VineBrook Secures $325M Loan

The newly issued interest-only loan carries a 5.44% rate and matures in 2030 with early repayment options.

October 24, 2025


VineBrook Homes Trust Strengthens Balance Sheet with $325 Million Real Estate Loan



On October 17, 2025, VineBrook Homes Trust locked in a $325 million loan that simplifies its debt structure and expands financial flexibility. The funding was secured through indirect subsidiaries VB Two, LLC and VB Three, LLC, with capital provided by Massachusetts Mutual Life Insurance Company, MassMutual Ascend Life Insurance Company, and Martello Re Limited.



This isn’t a partial draw. The loan was fully funded upfront at a 3% original issue discount. It’s interest-only, with a fixed 5.44% annual rate and a maturity date of October 17, 2030. VineBrook moved quickly—allocating approximately $89.5 million to retire a revolving credit facility with JPMorgan Chase and another $98.3 million to extinguish a 2021 note issued to Metropolitan Life Insurance.



The structure is straightforward. The loan is secured by real estate held by the borrowing entities, plus an equity pledge by VB Two Equity, LLC in both VB Two and VB Three.

There’s also built-in flexibility. Starting October 17, 2028, VineBrook can prepay without penalty.
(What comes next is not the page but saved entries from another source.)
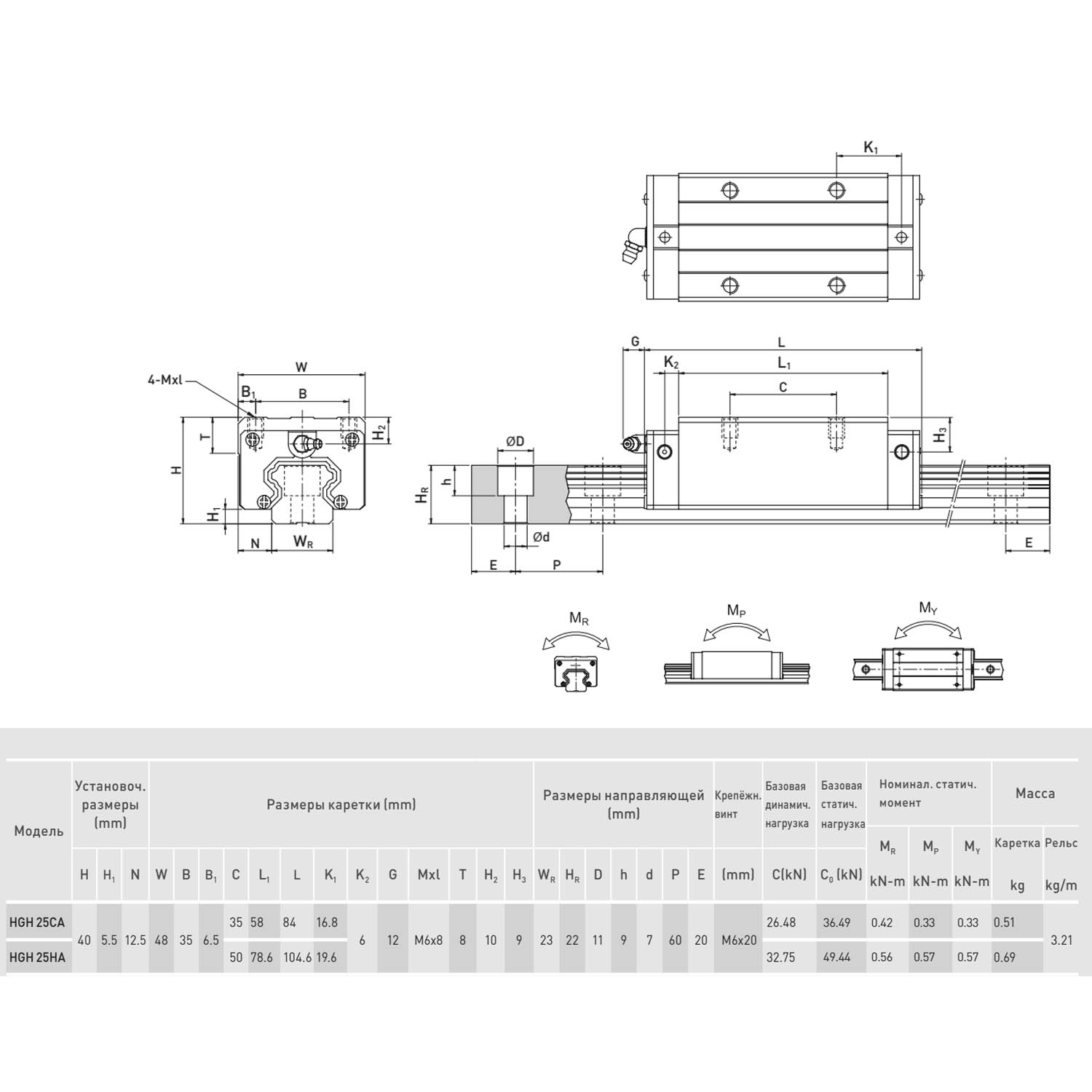 HG - серия шариковых линейных направляющих высокой грузоподъемности (Heavy Load);
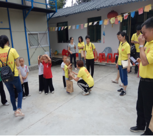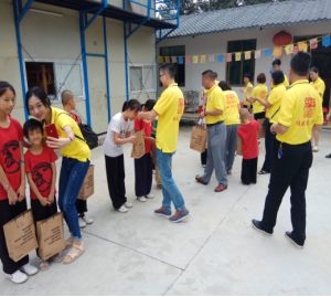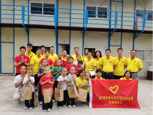 活动当天,志愿者们首先来到横河镇石出头村走访慰问这里的孤儿。一位年近60岁的常空和尚收留了15个孤儿,这些孤儿来自五湖四海,有的十几岁,有的才几个月大,常空和尚含辛茹苦带着这15个孤儿生活、学习、练书法、练武术。志愿者们为这里的孤儿送上慰问品(鞋子、袜子),与孤儿们近距离接触,一起聊天一起玩耍,欢声笑语汇成一片欢乐的海洋。
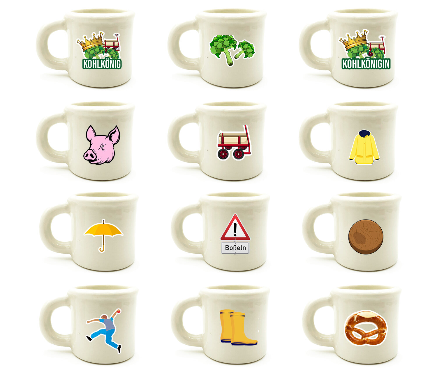 Ob Kohlkönig, Bollerwagenfahrer oder Gummistiefel-Profi – hier findet jeder sein Motiv. Mit witzigen Symbolen rund um die legendäre Kohlfahrt sind die Pinnchen der perfekte Begleiter für jede Zwischenstation.
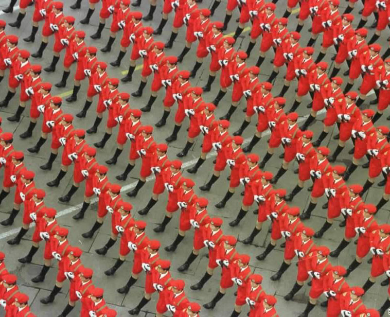 “万绿丛中一点红”。女民兵在受阅的徒步方队里,那朝霞般的橘红色,把受阅部队点缀得更加壮丽。
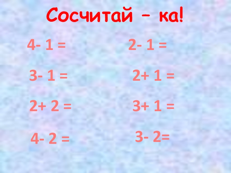Сосчитай – ка!4- 1 =3- 1 =2+ 2 =4- 2 =2- 1 =2+ 1 =3+ 1 =3- 2=

Before then, prepayment triggers a premium calculated from the present value of scheduled payments compared to the prepaid principal.



Key Loan Terms




  • Interest Rate: 5.44% annually

  • Maturity Date: October 17, 2030

  • Prepayment: Allowed without penalty after October 17, 2028

  • Collateral: Real estate holdings and equity pledge



Terms in the agreement include financial covenants—minimum net assets, coverage ratios, and reserve requirements—alongside customary clauses on representations, warranties, and default triggers.



This transaction gives VineBrook a more stable capital base and lowers the complexity of its existing obligations. By consolidating previous debts under a single, long-term facility, the company can keep its focus on operating and growing its portfolio of single-family rental homes. It’s a deliberate move to stay nimble in a market where long-term cost predictability matters.